Paras N. Prasad has a lot to say about nanophotonics. So much, in fact, that his plenary talk on “Photonics’ Pivotal Role in the Nano/Bio/Info Revolution: New Interfaces” during the OPTO part of SPIE Photonics West 2009 ran over – and he didn’t even get to mention everything in his abstract.
Prasad is a distinguished professor of chemistry, physics, medicine and electrical engineering at State University of New York at Buffalo, where he holds the Samuel P. Capen chair. He also is executive director of the Institute for Lasers, Photonics and Biophotonics.

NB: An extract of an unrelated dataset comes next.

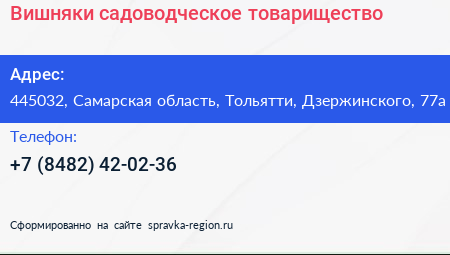 Вишняки, садоводческое товарищество по адресу 445032, Самарская область, Тольятти, Дзержинского, 77а в дальнейшем Организация, размещена в следующих категориях:

In his talk Tuesday, he expressed his excitement over the potential “high societal impact” inherent in the field of nanophotonics – excitement that appeared to extend to all areas of the field.

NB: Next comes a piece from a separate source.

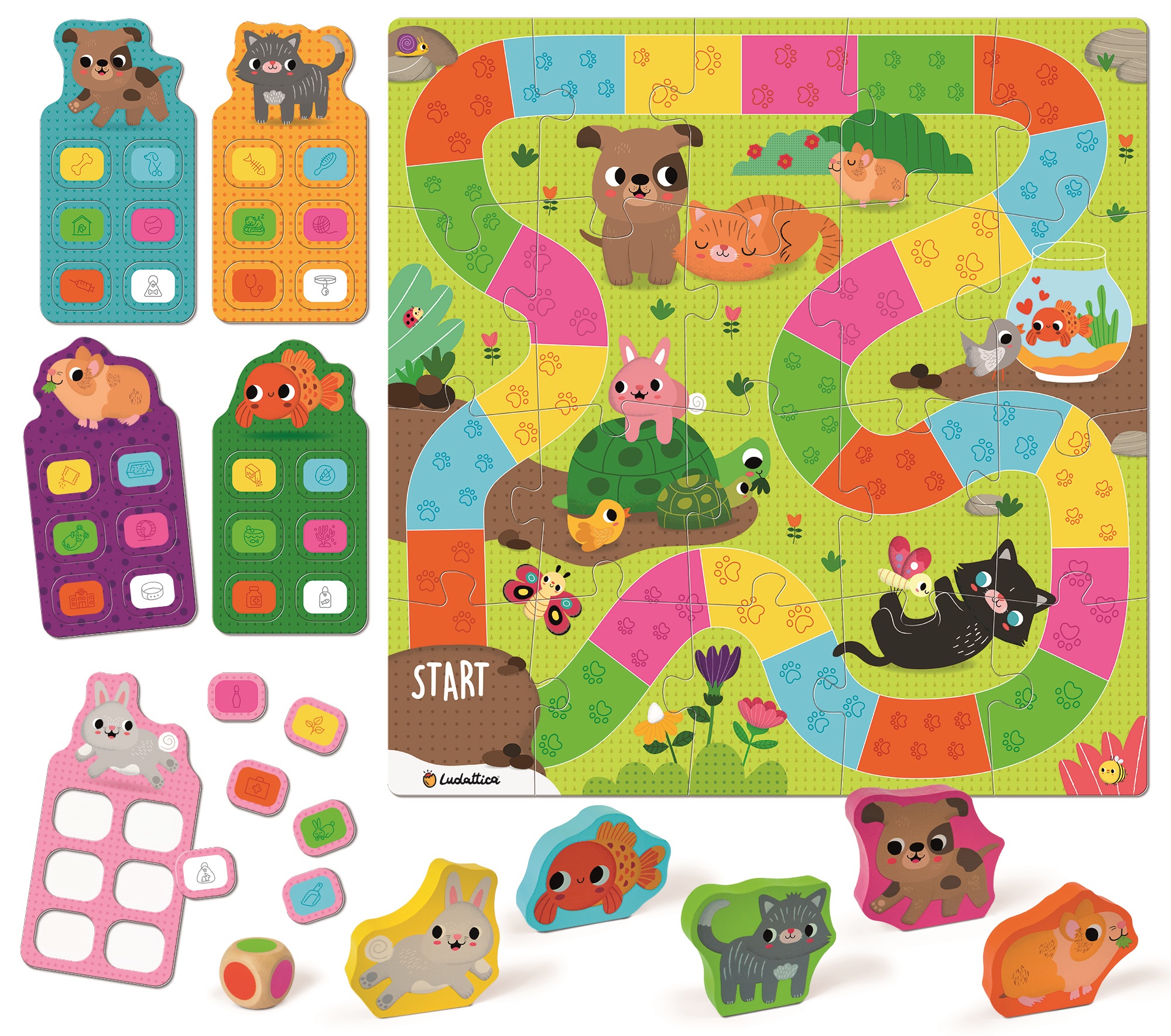 Po ułożeniu planszy z dużych puzzli i dokonaniu wyboru zwierzątka - pionka, gracze dobierają planszę z z zadaniami do swojego zwierzątka. Każdy gracz wyjmuje z karty pupila wszystkie 6 żetonów i kładzie je obok swojej karty. Gracze umieszczają swoje pionki-zwierzątka na brązowym polu startu i po kolei rzucają kostką, przesuwając swojego pupila - zgodnie z kierunkiem wskazanym przez ślady łap - na pole o kolorze wylosowanym na kostce. Po przesunięciu pionka na dane pole, gracz umieszcza w swojej karcie żeton odpowiedniego koloru. W ten sposób nie tylko trenuje się rozpoznawanie kolorów i uczy ich nazw, ale również poznaje i określa czynności związane z posiadaniem zwierzątka. Zwycięzcą jest ten, kto pierwszy skompletuje całą kartę swojego pupila, ale uwaga, aby zdobyć żeton z medalem, należy minąć pole START.

“New dimensions of photonics keep emerging,” he added. Nanophotonics, biophotonics and photonics information technology will benefit from current research, including multiphoton up- and down-conversion, photonic sensors, chiral photonics, spin photonics and negative index photonics, he said. And the fields that will be affected include energy, health care, information technology, environmental studies, chemistry and biodefense.
Prasad focused mainly on health care, mostly because he ran out of time before he could talk about information technology.
In vitro diagnostics, he said, allows us to look at separate samples – fluids, tissue and so on – for diseases such as malaria, bird flu, meningitis, tuberculosis, HIV and HPV. “I think this is the first very near term application we will see,” he said. Flow cytometry will enable rapid, multiplexed detection of trace amounts of diseased cells or protein biomarkers.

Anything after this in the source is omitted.